What the rise of powerful companies means for the open market
Monopolies could lower investment, stifle growth and drive down wages. Image: REUTERS/Russell Boyce
People are concerned that the rising power of big successful companies could lower capital investment, weaken productivity, and reduce people’s take-home pay.
While rising corporate market power has had a fairly limited negative economic impact so far, if left unchecked, it could take a bigger toll on growth and people’s income.
Our Chart of the Week from the April World Economic Outlook analyzes nearly 1 million companies from 27 advanced and emerging market economies since the early 2000s and shows that firms’ average price markup—the ratio of a company’s product price to its production cost—has increased moderately.
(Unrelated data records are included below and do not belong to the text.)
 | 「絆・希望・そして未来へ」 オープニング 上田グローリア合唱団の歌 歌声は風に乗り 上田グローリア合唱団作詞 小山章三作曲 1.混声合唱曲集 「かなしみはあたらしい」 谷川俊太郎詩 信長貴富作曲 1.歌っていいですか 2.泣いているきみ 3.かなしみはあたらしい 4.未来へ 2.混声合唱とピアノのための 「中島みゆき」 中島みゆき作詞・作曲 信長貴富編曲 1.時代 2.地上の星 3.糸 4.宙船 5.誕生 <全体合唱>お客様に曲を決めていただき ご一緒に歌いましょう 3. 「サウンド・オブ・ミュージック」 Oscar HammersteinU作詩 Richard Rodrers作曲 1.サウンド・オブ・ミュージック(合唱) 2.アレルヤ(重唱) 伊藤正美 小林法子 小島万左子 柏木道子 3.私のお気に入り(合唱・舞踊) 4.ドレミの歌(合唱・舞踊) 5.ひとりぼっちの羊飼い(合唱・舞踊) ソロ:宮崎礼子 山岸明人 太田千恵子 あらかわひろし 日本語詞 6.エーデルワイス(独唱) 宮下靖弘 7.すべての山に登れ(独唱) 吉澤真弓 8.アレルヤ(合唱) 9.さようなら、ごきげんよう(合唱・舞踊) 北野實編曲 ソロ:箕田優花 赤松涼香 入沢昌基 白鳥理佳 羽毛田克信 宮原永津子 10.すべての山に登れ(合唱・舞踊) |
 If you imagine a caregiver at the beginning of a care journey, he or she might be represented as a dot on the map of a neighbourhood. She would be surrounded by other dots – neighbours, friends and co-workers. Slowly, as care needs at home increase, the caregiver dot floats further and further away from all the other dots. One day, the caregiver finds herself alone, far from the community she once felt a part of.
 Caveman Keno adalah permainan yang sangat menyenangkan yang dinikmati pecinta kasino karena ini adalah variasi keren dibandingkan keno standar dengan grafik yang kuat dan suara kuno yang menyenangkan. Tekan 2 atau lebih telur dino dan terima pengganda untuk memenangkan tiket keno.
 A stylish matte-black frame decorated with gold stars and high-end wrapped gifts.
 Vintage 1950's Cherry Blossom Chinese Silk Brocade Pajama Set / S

Across advanced economies, average markups increased by 8 percent since 2000 but by less than 2 percent in those emerging economies covered by the analysis. This increase in market power has taken place in most industries, but it has been driven by a small fraction of companies.
The chart shows that companies with the highest markups, those in the top 10 percent, raised theirs by over 30 percent since 2000, while markups have been largely flat among the remaining 90 percent of companies.
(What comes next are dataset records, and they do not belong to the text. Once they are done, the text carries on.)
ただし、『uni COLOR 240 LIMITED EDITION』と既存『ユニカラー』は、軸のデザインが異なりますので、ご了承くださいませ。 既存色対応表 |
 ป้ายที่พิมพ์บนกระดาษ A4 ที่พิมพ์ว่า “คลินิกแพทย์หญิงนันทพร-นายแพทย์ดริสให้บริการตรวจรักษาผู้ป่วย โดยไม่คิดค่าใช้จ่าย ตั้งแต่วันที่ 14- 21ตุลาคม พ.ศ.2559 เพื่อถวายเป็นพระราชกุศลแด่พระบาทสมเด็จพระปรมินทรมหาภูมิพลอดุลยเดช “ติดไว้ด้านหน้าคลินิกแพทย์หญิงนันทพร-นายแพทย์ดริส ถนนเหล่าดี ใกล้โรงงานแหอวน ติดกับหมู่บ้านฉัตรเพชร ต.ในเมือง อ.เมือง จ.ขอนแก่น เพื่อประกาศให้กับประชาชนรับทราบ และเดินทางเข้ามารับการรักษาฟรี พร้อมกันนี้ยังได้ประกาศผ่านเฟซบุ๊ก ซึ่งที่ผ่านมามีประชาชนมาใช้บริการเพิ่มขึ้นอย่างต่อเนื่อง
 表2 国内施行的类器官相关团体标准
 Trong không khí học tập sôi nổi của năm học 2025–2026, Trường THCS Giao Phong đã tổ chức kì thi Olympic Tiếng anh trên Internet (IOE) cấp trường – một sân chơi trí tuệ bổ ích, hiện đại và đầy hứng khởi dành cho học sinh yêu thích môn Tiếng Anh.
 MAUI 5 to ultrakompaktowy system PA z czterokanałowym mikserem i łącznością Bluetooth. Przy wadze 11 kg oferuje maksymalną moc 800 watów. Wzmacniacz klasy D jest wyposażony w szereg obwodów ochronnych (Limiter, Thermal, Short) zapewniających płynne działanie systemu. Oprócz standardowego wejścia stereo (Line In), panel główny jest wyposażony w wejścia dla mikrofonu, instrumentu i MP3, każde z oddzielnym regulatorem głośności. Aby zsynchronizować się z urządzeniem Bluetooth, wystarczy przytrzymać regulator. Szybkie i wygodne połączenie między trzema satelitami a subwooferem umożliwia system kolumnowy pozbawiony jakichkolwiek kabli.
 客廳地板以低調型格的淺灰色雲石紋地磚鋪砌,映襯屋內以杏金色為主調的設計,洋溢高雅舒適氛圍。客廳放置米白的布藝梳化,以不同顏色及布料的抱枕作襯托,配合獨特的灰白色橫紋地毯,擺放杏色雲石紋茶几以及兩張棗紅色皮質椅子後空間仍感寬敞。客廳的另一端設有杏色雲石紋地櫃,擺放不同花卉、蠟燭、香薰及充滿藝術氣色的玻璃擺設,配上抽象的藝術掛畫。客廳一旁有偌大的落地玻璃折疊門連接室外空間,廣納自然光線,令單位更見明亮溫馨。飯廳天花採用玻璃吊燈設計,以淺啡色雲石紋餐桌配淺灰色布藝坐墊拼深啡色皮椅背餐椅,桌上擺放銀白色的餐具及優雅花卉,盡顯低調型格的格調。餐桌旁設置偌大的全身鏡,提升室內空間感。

Across advanced economies, average markups increased by 8 percent since 2000.
”These high-markup companies vary in size but perform better than others. On average, they are about 50 percent more profitable, over 30 percent more productive, and use 30 percent more intangible assets, like patents or software, than others.
That’s because in many markets, the rising market power of the more productive and innovative companies has been helped by their superior ability to exploit proprietary intangible assets, network effects (when a product or service gains additional value as more people use it), and economies of scale (reduced costs per unit as output increases).
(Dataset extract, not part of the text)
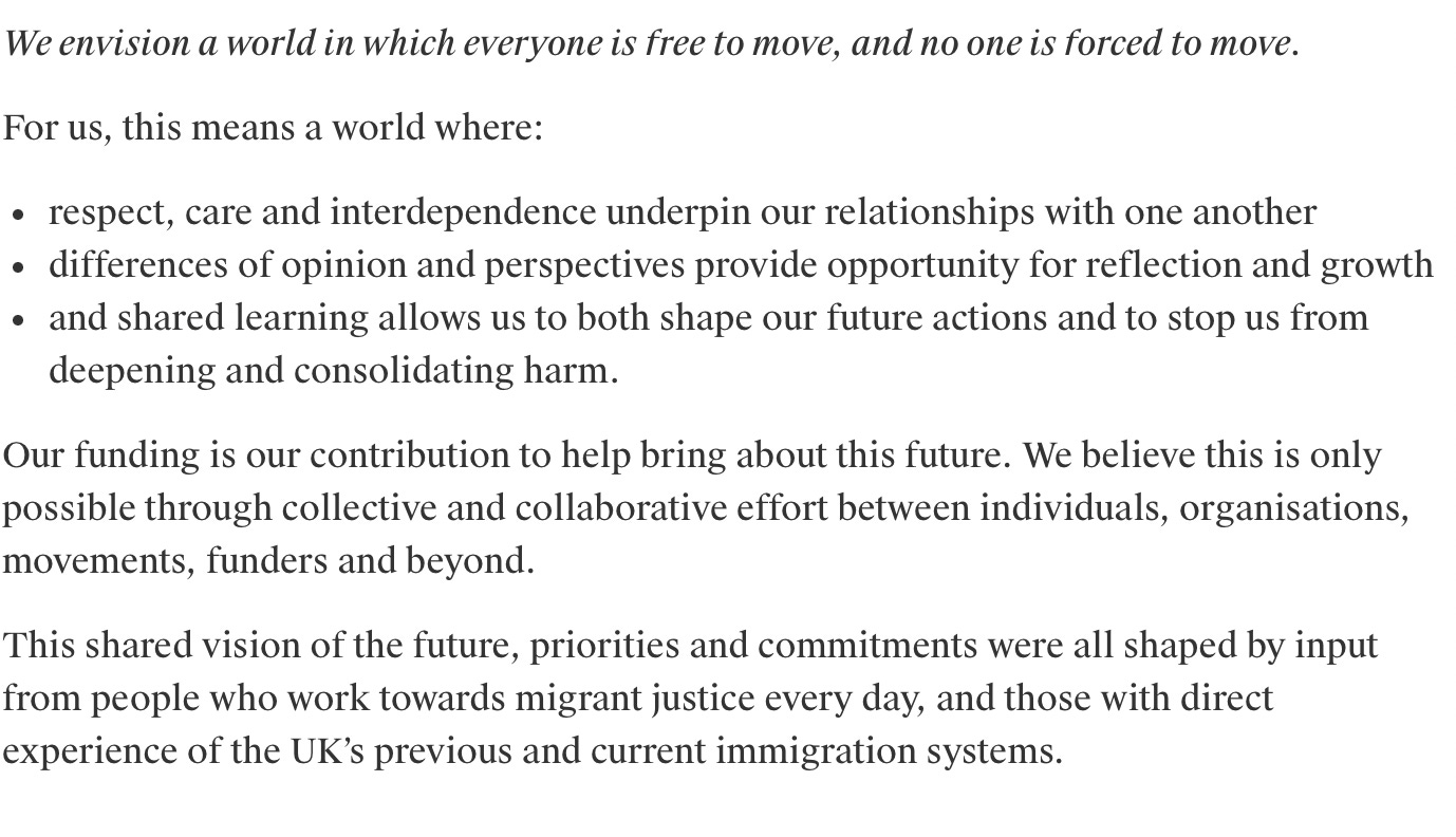 For instance, it has a “Migration Fund”, which envisions “a world in which everyone is free to move”:

Keep market competition strong
Policymakers around the world need to ensure a level playing field among all companies, including new ones. This means lowering domestic barriers to entry, for example, by reducing administrative burdens on start-ups, and reducing barriers to trade and foreign direct investment, especially in services.
This also means strengthening some features of competition law and policies, such as the role of market examinations, reforming corporate taxes to tax the excess returns on capital derived from market power, and ensuring that intellectual property rights encourage groundbreaking innovations more than incremental ones.